As another financial year ends, the underperformance of Australian equities continues. The last six months has seen quite severe ASX200 underperformance of global markets. I think this will continue in FY18.
One key reason is we can find genuinely better earnings growth outside of Australia, particularly in the Eurozone and Hong Kong. We can also find faster GDP growth and less regulatory risk outside of Australia. We can find all this for lower forward P/Es than are broadly available in Australia.
I am not anti-Australia, far from it, my AIM Global High Conviction Fund picks the best of Australian equities and the best of global equities. This combination of great domestic and global stocks is driving our returns well above what the ASX200 has delivered over the two years we have been running the fund. We are also well ahead of the MSCI World Equity Index.
While I understand what drives Australia SMSF home bias, I am of the view, as I have repeatedly written in these notes, that you have to lose some of that home bias to generate the best returns available.
According to available data, SMSFs have very minimal exposure to global equities. That will continue to be a mistake in asset allocation terms.
Yes, collecting big fully franked dividends inside a SMSF structure is attractive from an income perspective, but you simply aren’t generating any capital growth. If you want capital growth, you need earnings growth and most large fully franked domestic dividend payers have very little earnings growth. In fact, many have negative earnings risks as we enter FY18. This again reaffirms my view of Australia for income, rest of world for growth.
My advice to anyone who asks me is, SMSF’s should NOT be reinvesting the fully franked dividends they receive from Australian in Australian equities. They should be diversifying into global growth equities. I believe this is the right strategy that will see SMSFs increase exposure to global growth themes while still holding their beloved Australian dividend streams.
If you continue to reinvest dividends in Australian high fully franked dividend stocks, you are basically INCREASING your exposure to the highest Australian property prices ever at the lowest interest rates ever. That isn’t a good idea.
The major ASX200 dividend payers are very leveraged to all things housing: whether they lend over houses or sell consumer goods to households. We are strongly of the view that house prices have peaked and consumer spending is weakening due to a household cash flow squeeze.
Of all the economies that we look at globally, Australia concerns us the most in FY18. We are coming into a housing and consumer downturn with households and government heavily indebted.
Household and government balance sheets are stretched, coming into a slowdown: that is NOT a good place to start.
I am also increasingly concerned about regulatory risk in Australia driven by populist politics, clear examples of which can been seen in the Federal Bank tax and South Australian Bank tax. We think private healthcare will be targeted next.
Foreign investors HATE regulatory risk: it’s a green light to short or sell a market that represents only 2% of the world.
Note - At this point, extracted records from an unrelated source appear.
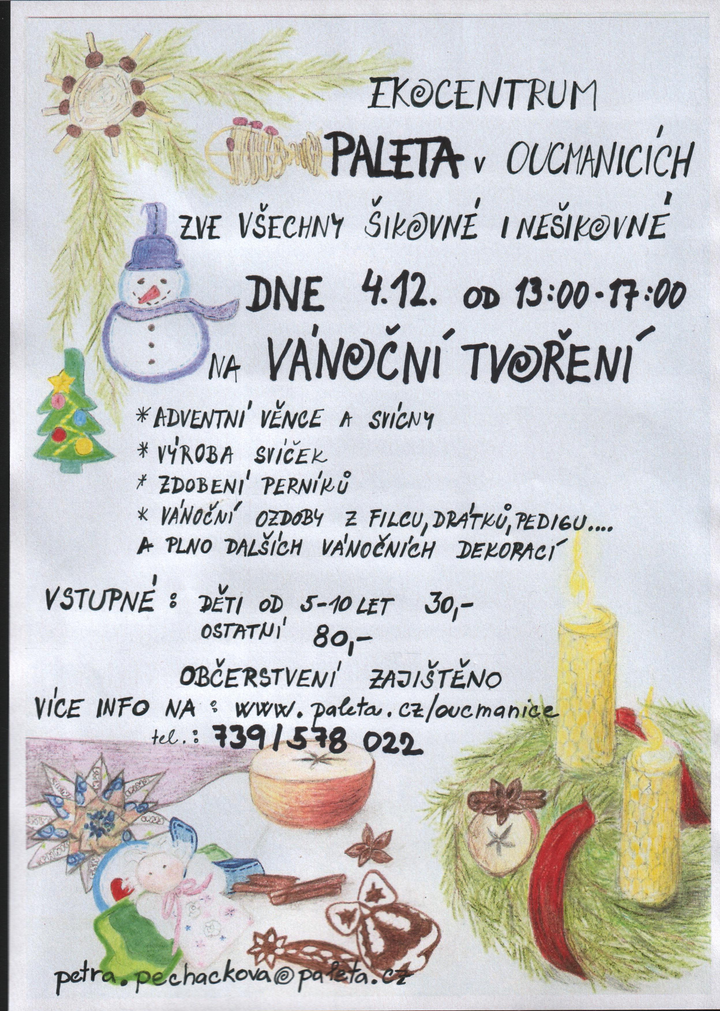 Neděle 12.12. MEDOVÉ CHALOUPKY Od 14,00.- Oblíbená předvánoční rukodělná dílna při které si slepíte a polevou ozdobíte perníkovou scenerii s chaloupkou . Účastníci si přinesou pevnou podložku (prkénko), na kterém si chaloupku odnesou. Medovné 40Kč. Zájemci o dílnu se nahlásí do 30.11. na tel 603990965 Věře Malátkové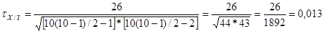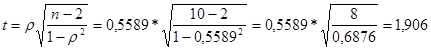 Расчетное значение статистики Стьюдента сравнивается с табличным при уровне значимости 0,05 и числе степеней свободы v = n – 2 = 10 – 2 = 8 равно 2,306.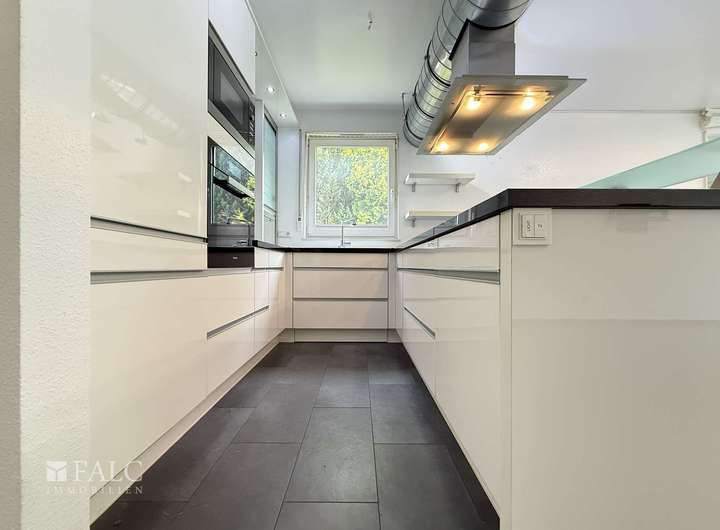 Eine stilvolle und hochwertige Einbauküche rundet das Angebot ab.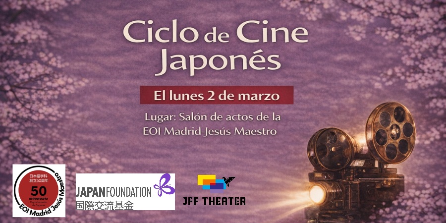 El lunes 2 de marzo de 2026 organizamos junto a la EOI Madrid Jesús Maestro un ciclo de cine japonés como parte del programa conmemorativo del 50º aniversario del Departamento de Japonés, y de la promoción de la plataforma online de cine japonés JFF Theater.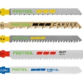 - Dzięki oznaczeniu kolorystycznemu Festool można szybko znaleźć właściwą tarczę pilarską: kolor żółty oznacza obróbkę drewna, kolor czerwony obróbkę tworzywa sztucznego, a kolor niebieski pracę z metalem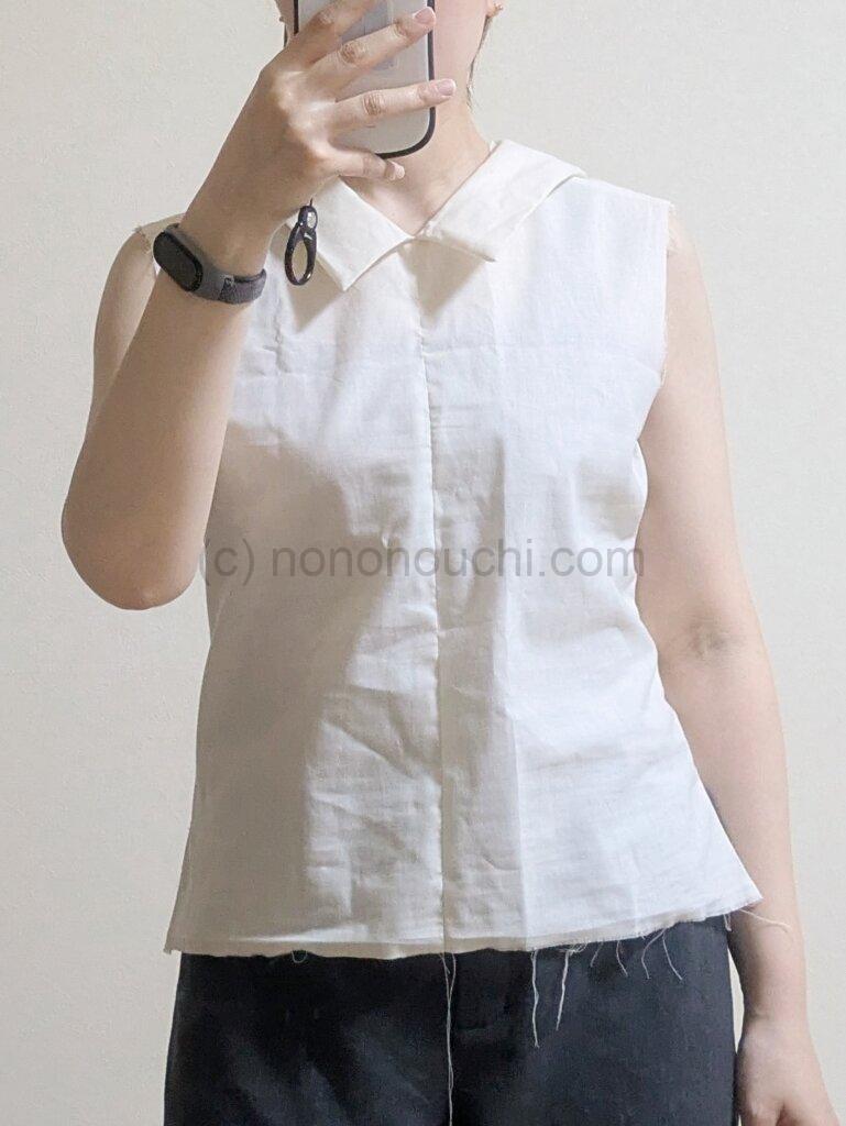白地でコットン入りのハーフリネンを選びました。完成するとなんだか「お仕事着?」という雰囲気に。合わせた綿レースとの微妙な色差も悪かったかも、、、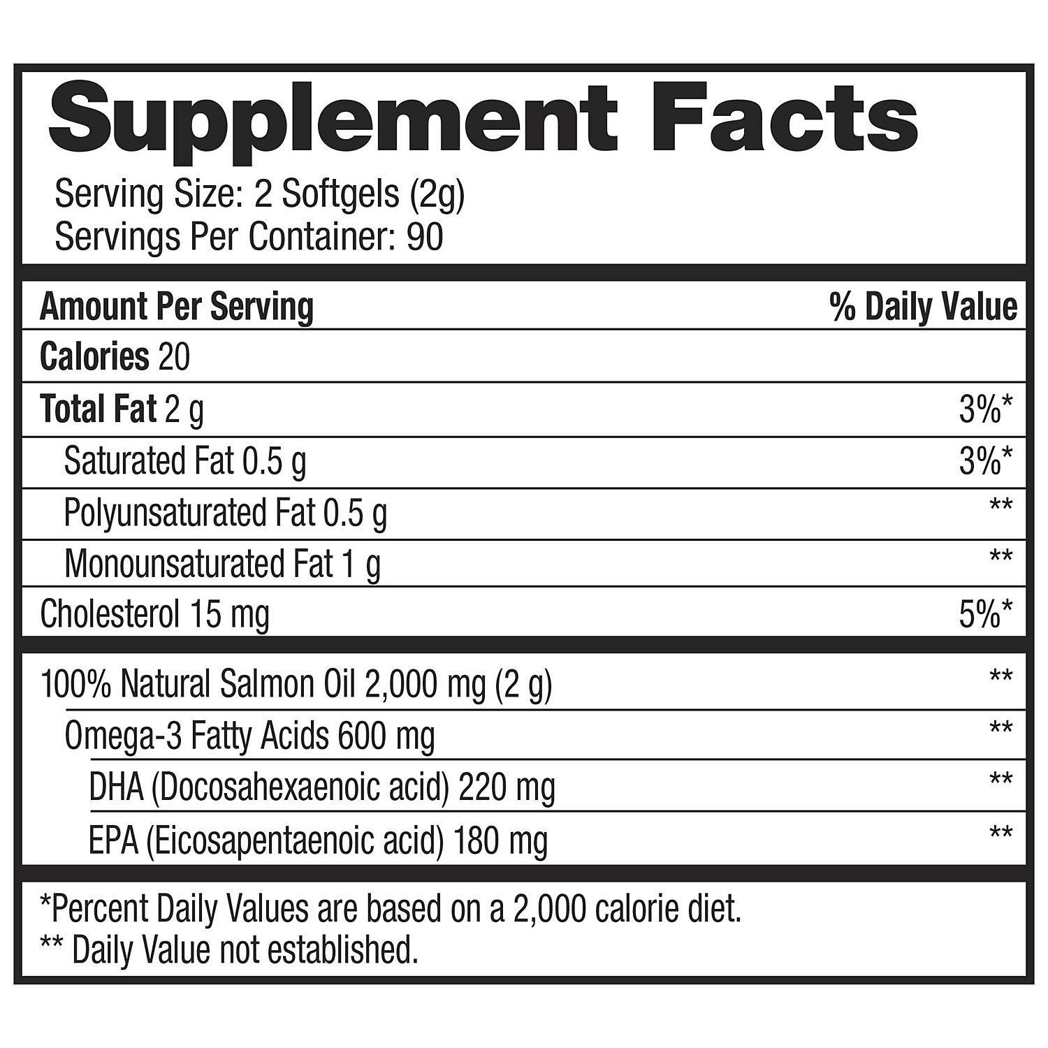 Supplement your daily diet with Wild Alaskan Salmon Oil Softgels (180-count). Naturally high in Omega-3 fatty acids, it's designed to be taken twice daily.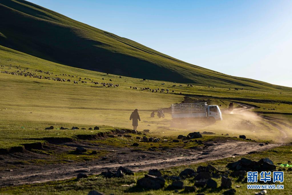 新疆裕民縣巴爾魯克山區(qū)夏牧場(chǎng)景觀(6月15日攝)。如今,牧民放牧條件得以改善,摩托車、汽車更多地出現(xiàn)在牧場(chǎng)上。
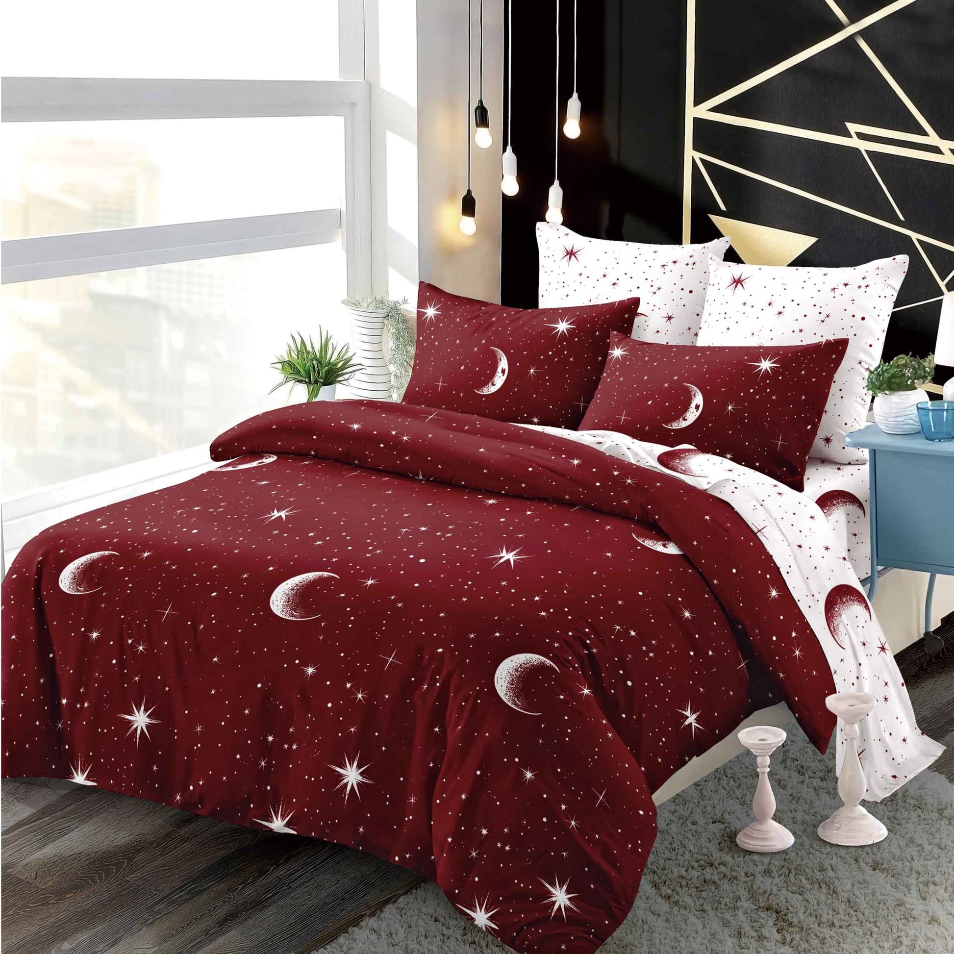 Lenjeria de pat are doua fete, pe o parte un imprimeu, pe cealalta alt imprimeu, astfe ca poti de fiecare data sa schimbi decorul camerei.

Foreign investors DON’T have to be invested in Australia and that’s what politicians need to understand. Foreign investors also can’t value franking credits.
Similarly, they also need to understand that taxing banks will only lead to higher mortgage costs for all Australians. Out of cycle rate rises had already started to cool the residential investment property market and there will be more of them, further squeezing household cash flows as banks exercise their oligopoly pricing power. There is zero any government can do to stop them setting their own rates of interest for loans.
Unintended consequences of ill thought through populist policy is Australia’s biggest headwind. It has and will continue to affect the returns you can generate in Australian equities. That is why my fund continues to only invest in Australian stocks we think are broadly immune (hopefully) to regulatory risk at the Federal and State level. We’re also increasing exposure in ASX listed global earners as we feel there are growing downside risks for the Australian Dollar, which if proved right will erode Australian’s global purchasing power.
The ASX200 is also the most concentrated developed world market.
Australia’s share market is concentrated in banks and miners, which make up 62% of the index, three times more than the global index exposure.
Meanwhile, the top 10 stocks in the Australian index make up 47% of the index, compared with 11% globally.
Even after considering the potential tax advantages from investing at home, the concentrated nature of Australia’s share market makes it a more risky proposition.
Allocating to international stocks would reduce portfolio volatility, or risk, without having to give up returns.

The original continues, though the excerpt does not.